Invasión (1969) es un film literalmente “fuera de serie” porque logra captar de modo indirecto las ansiedades del presente (la sublimación de la política en los intersticios de lo  genérico). Veinte años después, Las veredas de Saturno (1985) deja de lado la falsa alegoría (borgeana) para internarse en lo fantástico (cortazariano), pero una vez más para sublimar una política imposible o inhabitable: una utopía que había fracasado en la realidad (llevando al exilio de lo real al protagonista del film), pero también en la ficción (en los textos manifiestamente políticos de Borges y Cortázar, que Santiago logra reinterpretar). En Las veredas de Saturno vuelve imaginariamente a la fantasmática Buenos Aires de Borges, pero “del lado de allá” (desde la imaginación exasperada del exilio parisino) para redescubrir la ciudad real que soñaba Cortázar: esa Aquilea perdida (esa polis imposible) vista desde la doble distancia del espacio y el tiempo. Y lo logra allí donde no sólo Antín había trastabillado sino Cortázar mismo, traicionando la adaptación (en su doble sentido: literalidad y conciliación) para ser fiel a lo que subyace irresuelto tras la historia (así como antes había traicionado a Borges para expresarlo contra sus propias declaraciones reaccionarias), encontrando la verdadera relación entre fantástico y política en la tradicional idea del “fantasma”. No se trata tanto del retorno del pasado (del espectro de lo reprimido) sino de la imposibilidad de retornar al pasado (esa tierra extranjera): la memoria siempre es un fantasma del porvenir.

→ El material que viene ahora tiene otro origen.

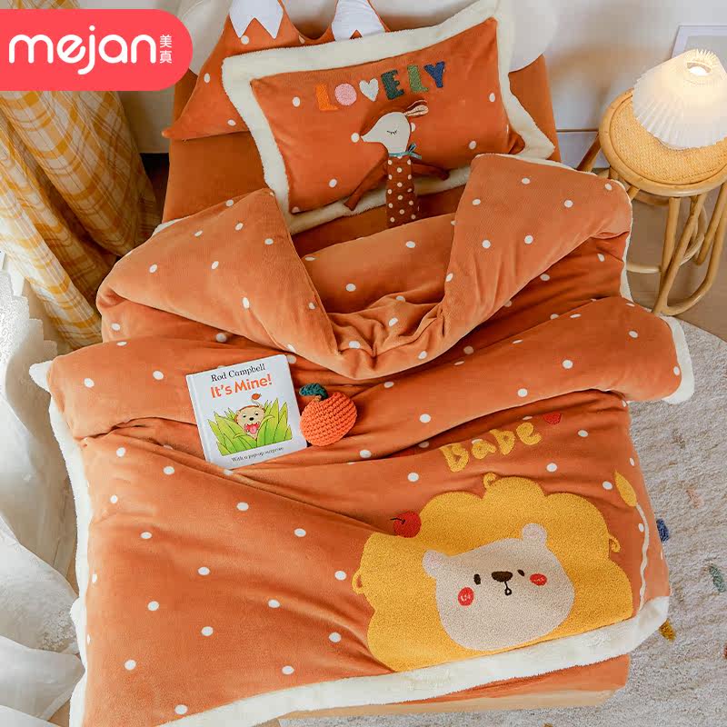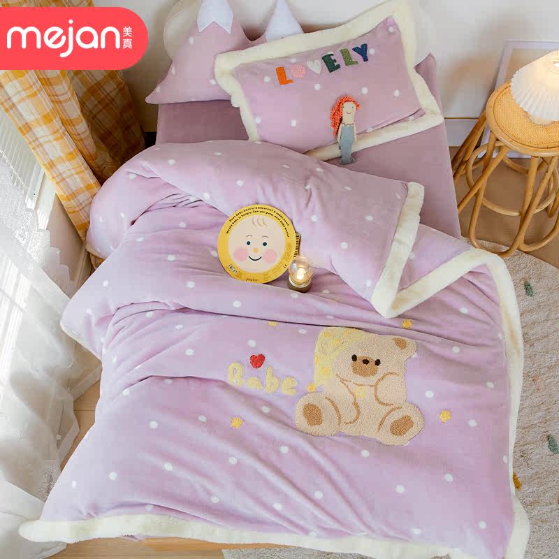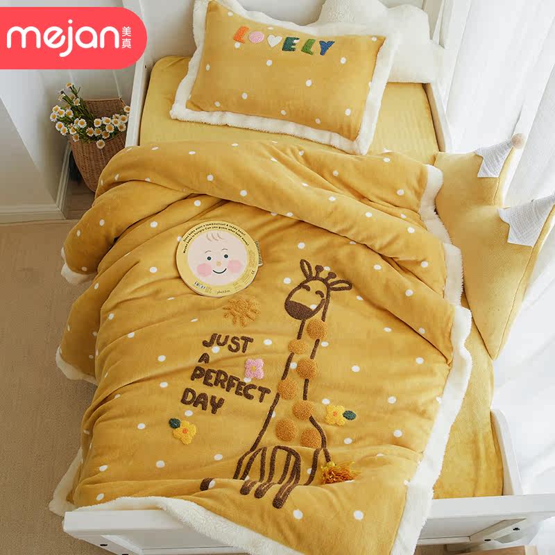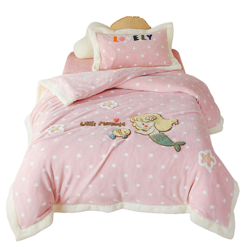 Kindergarten quilt three-piece set winter thick warm coral velvet quilt cover futon six-piece set baby children's bed products
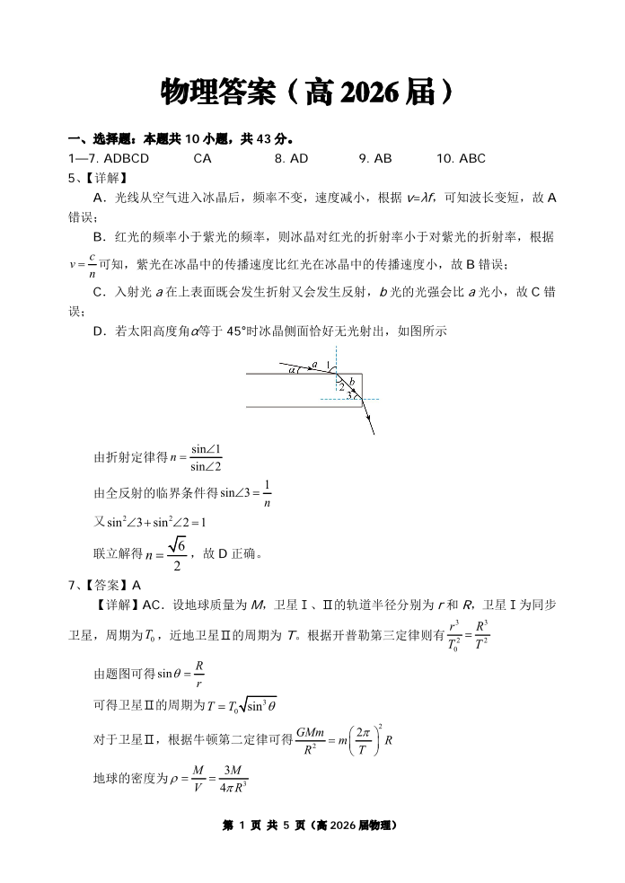 重庆名校联盟2026届高三下学期第一次联考 物理答案.pdf

Pues el eje de le poética de Santiago no es tanto la revisión de la vieja dialéctica entre civilización y barbarie, sino la ambigua relación entre tradición y traición: la Historia no es otra cosa que la constante lucha por la reinvención del pasado. Y solo es fiel a su fantasma quien lo traiciona para proyectarlo hacia el futuro, aunque eso no asegure más que un triunfo siempre inestable, sujeto a las traiciones de lo que vendrá… Todo lo contrario sucede en el film que será de algún modo el involuntario adiós a su trilogía de Aquilea, realizado en colaboración con Mariano Llinás en el guión y Alejo Moguillansky en el montaje: El cielo del centauro se parece más a una momificación que a un revivir. Se trata de una película encorsetada, como un traje demasiado a medida hecho por devotos discípulos. Claro que el mismo Santiago se plegó gustoso al autohomenaje, a ese reconocimiento especular entre maestro y alumno (él mismo mismo no se cansaba de decir que era un discípulo de Bresson, aunque afortunadamente jamás trató de copiarlo). Esa congelada imagen idílica del pasado es un gesto impropio del maestro, que más bien  parece rendirse ante los jóvenes que lo idolatran para asumir una vez más el malentendido (avalado por una interpretación aséptica de Invasión, que la crítica practica desde –y para– su canonización como la película que representa la modernidad para el cine argentino).

[1] Ver David Viñas, Literatura argentina y realidad política, Jorge Alvarez editor, Buenos Aires, 1964.